Problem to solve:
Find the line with "烤箱预热,将蛋挞放入烤箱中层,200度烤20分钟……" in the records below. Output exactly from there until after the line with "顾景楼,是江南长城从揽胜门广", without pictures.

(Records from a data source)
>>>>>
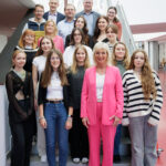 Das Foto zeigt: Bayerns Sozialministerin Ulrike Scharf zusammen mit Schülerinnen der Schülerzeitungsredaktionen des Landkreises Erding, deren Lehrkräften, Sabine Trettenbacher, Gleichstellungsbeauftragte des Landkreises Erding, und Jens Baumgärtel, Schulleiter der FOS/BOS Erding.
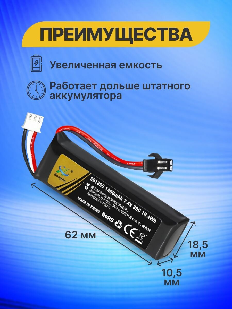 Аккумулятор Li-po 7,4V, 1400 мАч разъем SM для радиоуправляемых игрушек WPL Урал Газ 66, Страйкбола, Водяного пистолета 501855, 30C, 10.4Wh информация:
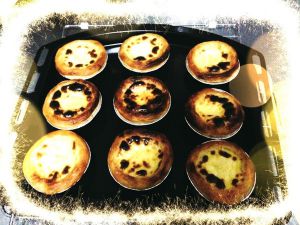 烤箱预热,将蛋挞放入烤箱中层,200度烤20分钟……
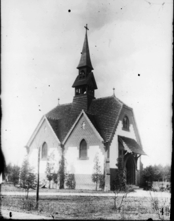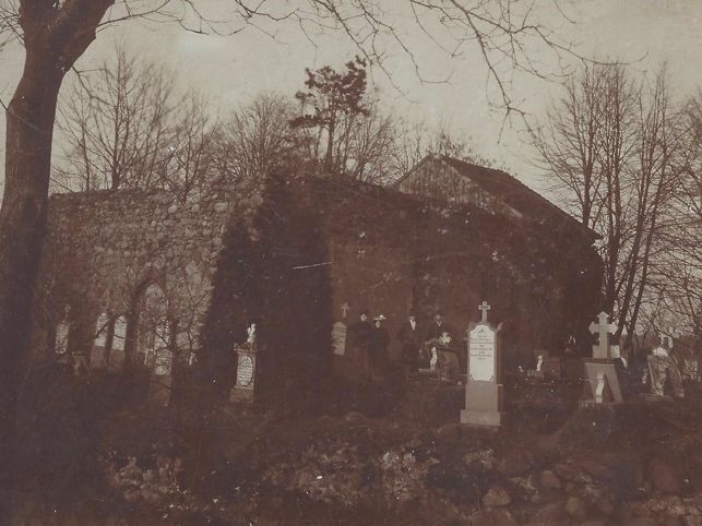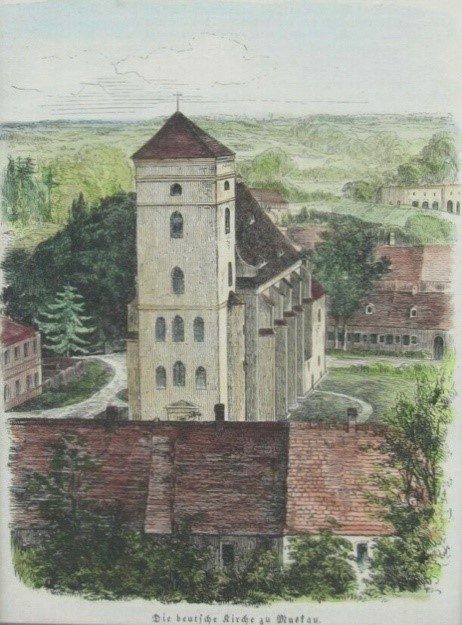 Um die oberhalb der Stadt gelegene Feldsteinkirche – vermutlich um 1200 erbaut – befand sich seit Errichtung der Muskauer Stadtkirche der Gottesacker des Dorfes Berg. Auf diesem durften bis zur Anlage der eigenen Friedhöfe auch die Bewohner der ebenfalls zum Kirchspiel Muskau gehörenden Dörfer Krauschwitz und Weißwasser ihre Verstorbenen beerdigen lassen, da sie dem Ort Berg entfernungsmäßig nahe lagen.2
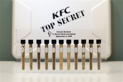 數(shù)十年來(lái),外界只知道肯德基的炸雞食譜是由十一種草藥與香料調(diào)配而成,但究竟是哪十一種草藥與香料,比例、成份又是多少,從來(lái)無(wú)法進(jìn)一步得知。為了保護(hù)食譜內(nèi)容不曝光,肯德雞數(shù)十年來(lái)都是分別向不同的食材供貨商購(gòu)買材料,因此供貨商也不知道完整的食譜成份。
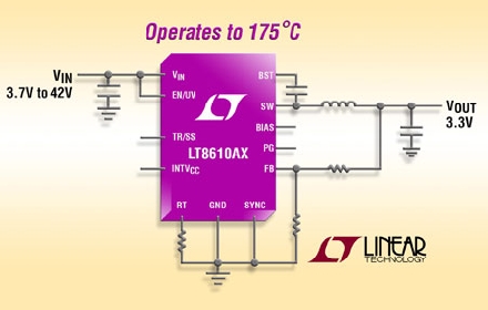 Linear推出3.5A、42V 輸入同步降壓型開關(guān)穩(wěn)壓器 LT8610AX,該器件在環(huán)境溫度高達 175°C 時保持正常運行。同步整流提供高達 95% 的效率,同時,在無負載備用情況下,以突發(fā)模式 (Burst Mode®) 運行時,保持靜態(tài)電流低于 3.5µA。其 3.7V 至 42V 輸入電壓范圍非常適合高溫應(yīng)用,例如電源電壓范圍為 5V 至 40V 的潛孔鉆進設(shè)備。LT8610AX 的電氣參數(shù)在 175°C 時 100% 經(jīng)過測試,因此可在 –40°C 至 175°C 溫度范圍內(nèi)提供 2% 的 VREF 準(zhǔn)確度。在環(huán)境溫度高達 175°C 時,LT8610AX 在很寬的 10mA 至 1A 負載電流范圍內(nèi)提供超過 90% 的效率 (對于 12VIN 至 3.3VOUT 轉(zhuǎn)換),非常適合潛孔鉆進系統(tǒng)中常見的電池供電應(yīng)用。LT8610AX 以突發(fā)模式運行時可提供超低靜態(tài)電流,非常適合需要延長電池工作時間的應(yīng)用。LT8610AX 的 16 引線耐熱性能增強型 MSOP 封裝可構(gòu)成占板面積緊湊的高熱效率解決方案。
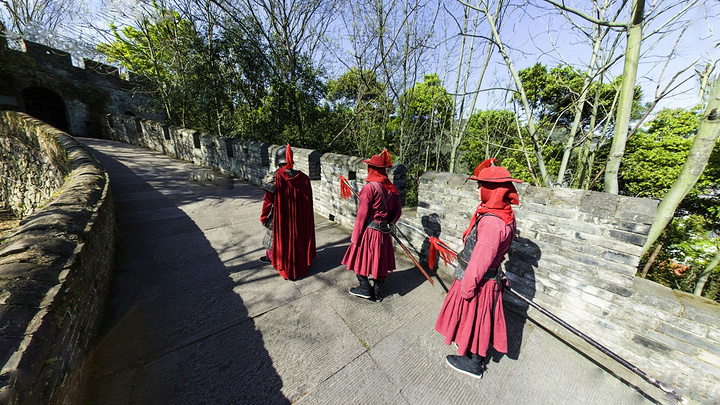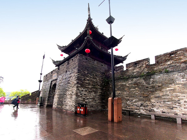 顾景楼,是江南长城从揽胜门广场入口进去的第一座城楼,造型古典,位置极佳。在顾景楼看风景,远处的巾山群塔、东湖的浩淼如烟全都成为眼中的一幅图。
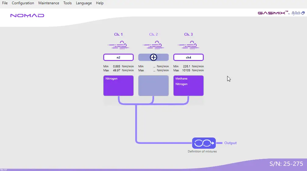 Standard gases, sequences and projects are created and stored directly in the GasMix™ software: library of gas standards, multi‑point MFC calibration tables, user profiles, analyzer control parameters and more. NOMAD is compliant with ISO 6145‑7 and provides the same rigorous metrology and traceability as benchtop GasMix systems.
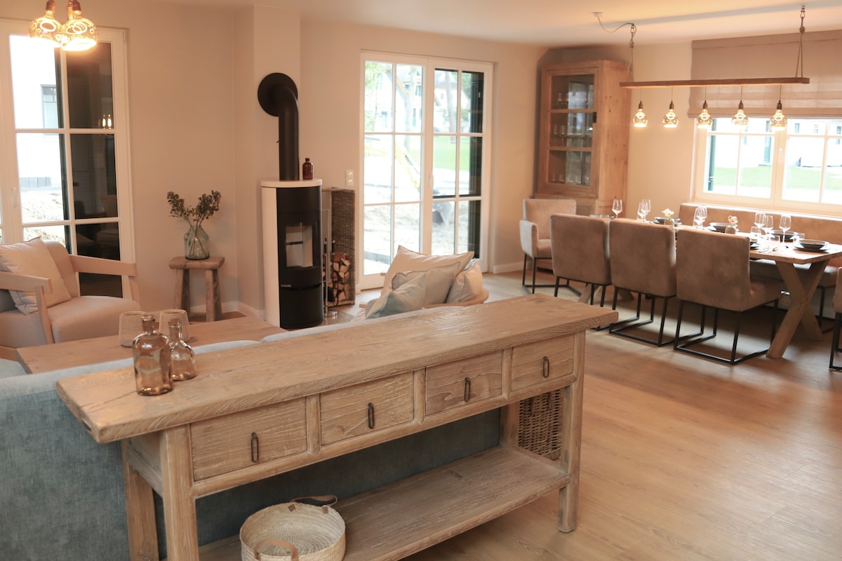 A partir del 1 de agosto de 2023, nuestra lujosa casa con techo de paja en la isla de Usedom te invita a alojarte. Tiene capacidad para un total de 8 personas y es perfecta para unas vacaciones con familiares y amigos. Disfruta de los días de verano en la gran terraza del jardín y emprende una aventura para explorar la isla. La hermosa chimenea y la sauna proporcionan un acogedor refugio invernal. Para los adictos al trabajo, hemos creado una oficina totalmente equipada.
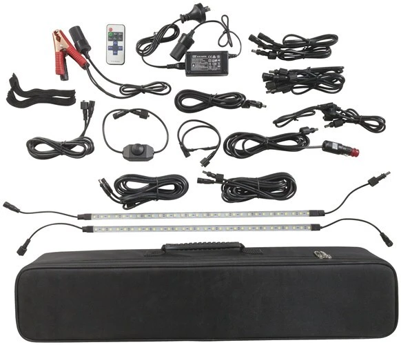 Waterproof LED Camp Lighti 4 Bar Kit This is a fast and effective way to provide light for a campsite, worksite, or anywhere you like. It’s built from four individual aluminium LED light strips, each one featuring 30 LEDs for 500 Lumens of light. That’s 2,000 Lumens for the whole kit, which is a lot of light! Everything is plug and play, with two 5m cables, two 2.5m cables, two 1m cables, four 0.5m cables, and a 3 to 1 joiner, you can connect them however you like to suit your particular use. A remote control for brightness and on/off is included, as well as three on/off dimmer switches, all contained in a convenient nylon carry case. They’re powered by 12VDC, with battery clips and a cigarette lighter socket provided. You can easily run from mains power using a 12V adaptor too, making them perfect for Camping. Features Perfect for Camping Powered by 12V Includes Nylon Carry Case Combined 2000 Lumens! Specifications Includes: 4 x LED Light Bars, 1 x Nylon Carry Case, 1 x Remote Control, 1 x Remote Control Receiver, 3 x On/Off Dimmer Switch, 2 x 5m Quick Connect Cables, 2 x3.5m Quick Connect Cables, 2 x 1m Quick Connect Cables Light Rating Lumens: 2000lm (4x 500w) IP Waterproof Rating: IP67 LED Power: 7W LED Voltage: 12V Illuminated Colour: Cool White Colour Temperature: 6000K Width: 13mm Height: 520mm Depth: 7mm Current Draw: 2.33A (SL-8969)
<<<<<
Result of this exercise:
 烤箱预热,将蛋挞放入烤箱中层,200度烤20分钟……
 Um die oberhalb der Stadt gelegene Feldsteinkirche – vermutlich um 1200 erbaut – befand sich seit Errichtung der Muskauer Stadtkirche der Gottesacker des Dorfes Berg. Auf diesem durften bis zur Anlage der eigenen Friedhöfe auch die Bewohner der ebenfalls zum Kirchspiel Muskau gehörenden Dörfer Krauschwitz und Weißwasser ihre Verstorbenen beerdigen lassen, da sie dem Ort Berg entfernungsmäßig nahe lagen.2
 數(shù)十年來(lái),外界只知道肯德基的炸雞食譜是由十一種草藥與香料調(diào)配而成,但究竟是哪十一種草藥與香料,比例、成份又是多少,從來(lái)無(wú)法進(jìn)一步得知。為了保護(hù)食譜內(nèi)容不曝光,肯德雞數(shù)十年來(lái)都是分別向不同的食材供貨商購(gòu)買材料,因此供貨商也不知道完整的食譜成份。
 Linear推出3.5A、42V 輸入同步降壓型開關(guān)穩(wěn)壓器 LT8610AX,該器件在環(huán)境溫度高達 175°C 時保持正常運行。同步整流提供高達 95% 的效率,同時,在無負載備用情況下,以突發(fā)模式 (Burst Mode®) 運行時,保持靜態(tài)電流低于 3.5µA。其 3.7V 至 42V 輸入電壓范圍非常適合高溫應(yīng)用,例如電源電壓范圍為 5V 至 40V 的潛孔鉆進設(shè)備。LT8610AX 的電氣參數(shù)在 175°C 時 100% 經(jīng)過測試,因此可在 –40°C 至 175°C 溫度范圍內(nèi)提供 2% 的 VREF 準(zhǔn)確度。在環(huán)境溫度高達 175°C 時,LT8610AX 在很寬的 10mA 至 1A 負載電流范圍內(nèi)提供超過 90% 的效率 (對于 12VIN 至 3.3VOUT 轉(zhuǎn)換),非常適合潛孔鉆進系統(tǒng)中常見的電池供電應(yīng)用。LT8610AX 以突發(fā)模式運行時可提供超低靜態(tài)電流,非常適合需要延長電池工作時間的應(yīng)用。LT8610AX 的 16 引線耐熱性能增強型 MSOP 封裝可構(gòu)成占板面積緊湊的高熱效率解決方案。
 顾景楼,是江南长城从揽胜门广场入口进去的第一座城楼,造型古典,位置极佳。在顾景楼看风景,远处的巾山群塔、东湖的浩淼如烟全都成为眼中的一幅图。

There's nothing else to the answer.